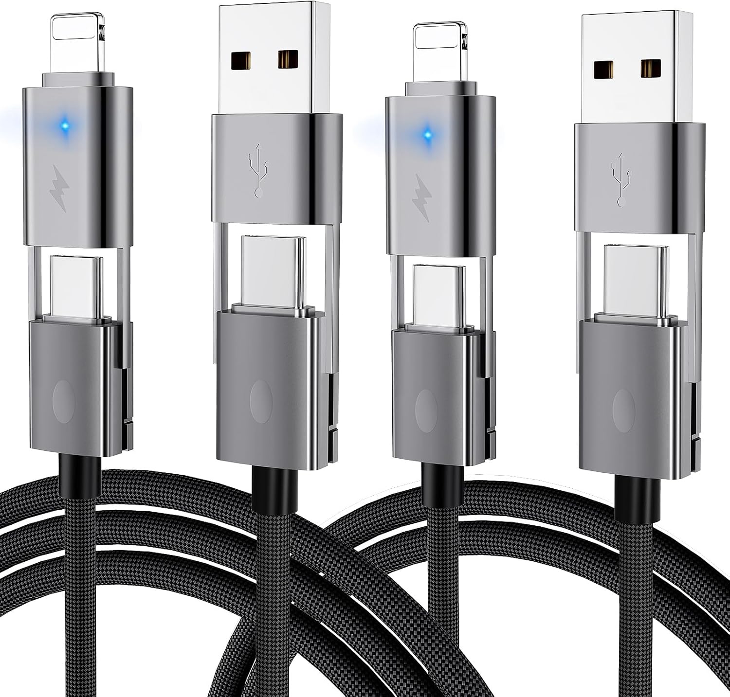 - New Upgraded 4-in-1 Multi Fast Charging Cable: Simplify your charging setup with our versatile 4-in-1 usb-c cable. It combines 4 ports - USB-C to L port, USB-C to USB-C port,USB-A to USB-C port and USB-A to L port. Charge and sync your devices without the hassle of switching between multiple cables. (Note: If your devices want to achieve fast charging, please use a USB C power adapter not the USB charger)
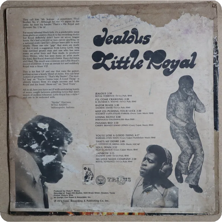 2 instrumental funk & a vocal funk on top on this otherwise bluesy mellow Texas soul LP. Plastic products pressing with no side mentionned on labels. Sleeve has strong aging, dirt, ringwear, large
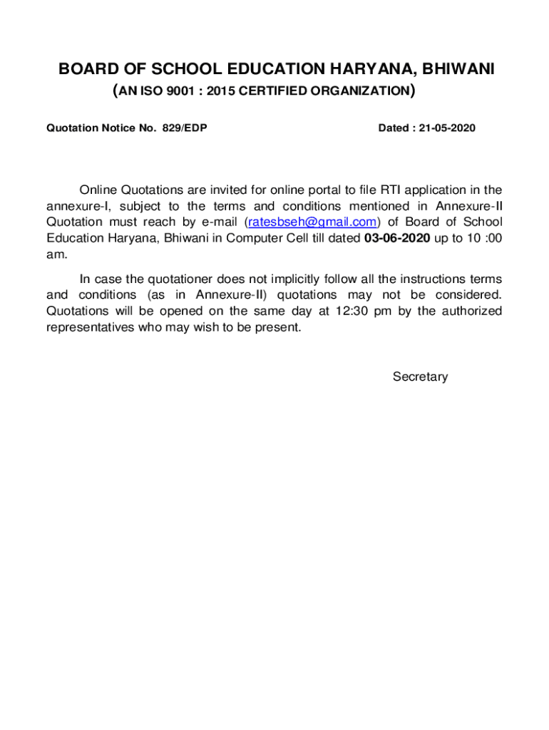 BOARD OF SCHOOL EDUCATION HARYANA, BHIWANDI (AN ISO 9001 : 2015 CERTIFIED ORGANIZATION) Quotation Notice No. 829/Educated : 21052020Online Quotations are invited for online portal to file RTI application
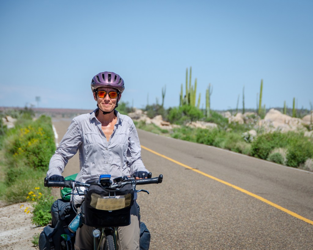 Petit à petit, on on se dirige vers le sud et quittons la région la plus touristique pour découvrir un territoire assez isolé aux terrains encore très arides. La route s’éloigne doucement de la côte et nous amène à traverser un désert aux paysages sublimes. Les cactus aux formes les plus diverses remplissent ces étendues vides. Les points de ravitaillement sont généralement distants d’environ 80 km les uns des autres et plus nous nous dirigeons vers le centre de la péninsule, plus  les températures montent. Nous devons encore affronter des chaleurs torrides avec un mercure dépassant souvent les 35 degrés. À nouveau, nous nous levons très tôt le matin pour parcourir le maximum de kilomètres avant les heures les plus chaudes. Presque tous les jours, nous remettons en question notre choix de continuer à rouler dans ces conditions. Tous les jours, nous considérons nous arrêter pour rejoindre La Paz en bus.
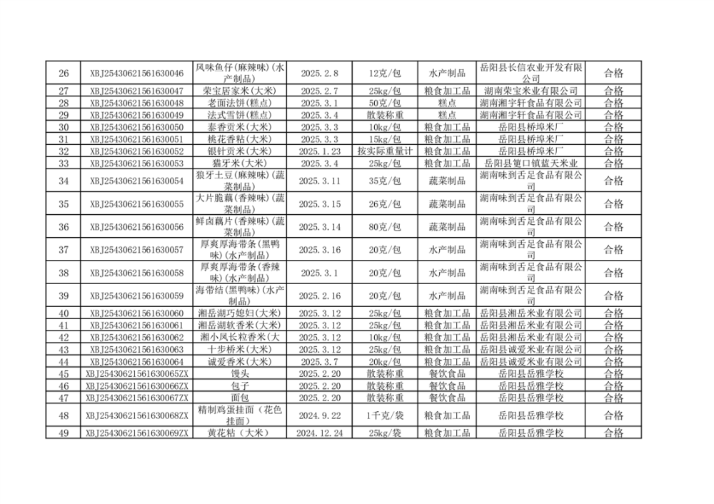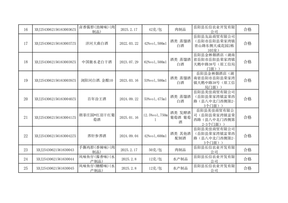 2025年岳陽(yáng)縣市場(chǎng)監(jiān)督管理局食品監(jiān)督抽檢信息公示(2025年4月30日)
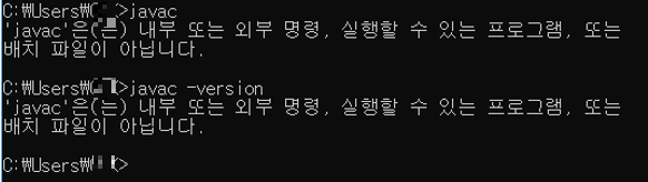 cmd에서 '“XXXX”은(는) 내부 또는 외부 명령, 실행할 수 있는 프로그램, 또는 배치 파일이 아닙니다.' 라고 뜬다면 오타와 버전, 경로 확인을 해야합니다.
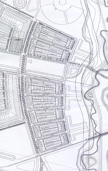 Het daartussen liggend gebied bestaat uit voornamelijk oost-west georiënteerde bouwblokken.
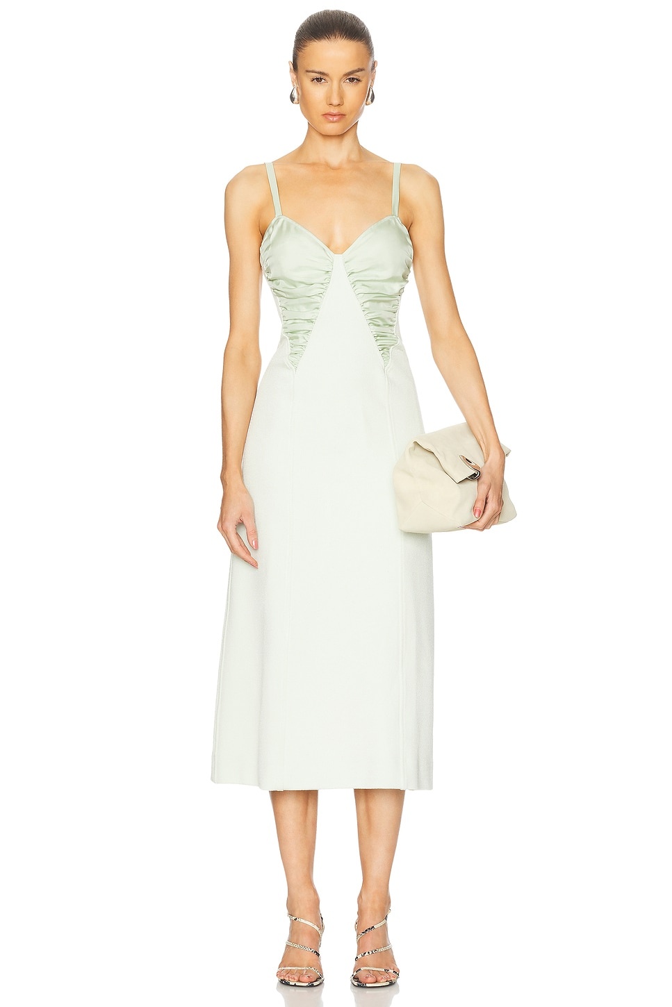 Details - Self: 70% viscose, 28% cotton, 2% elastane - Lining: 100% viscose - Made in Italy - Dry clean only - Fully lined - Hidden side zip closure - Ruched bodice detailing and back vent - Heavyweight textured sateen fabric - Our Style No. JILS-WD35 - Manufacturer Style No. J01CT0226-J20255-340

Exercise description: Please write out exactly, and only, the lines from the beginning of the entries through the line containing "2 instrumental funk", including both and skipping all pictures.

Reply to the task:
 - New Upgraded 4-in-1 Multi Fast Charging Cable: Simplify your charging setup with our versatile 4-in-1 usb-c cable. It combines 4 ports - USB-C to L port, USB-C to USB-C port,USB-A to USB-C port and USB-A to L port. Charge and sync your devices without the hassle of switching between multiple cables. (Note: If your devices want to achieve fast charging, please use a USB C power adapter not the USB charger)
 2 instrumental funk & a vocal funk on top on this otherwise bluesy mellow Texas soul LP. Plastic products pressing with no side mentionned on labels. Sleeve has strong aging, dirt, ringwear, large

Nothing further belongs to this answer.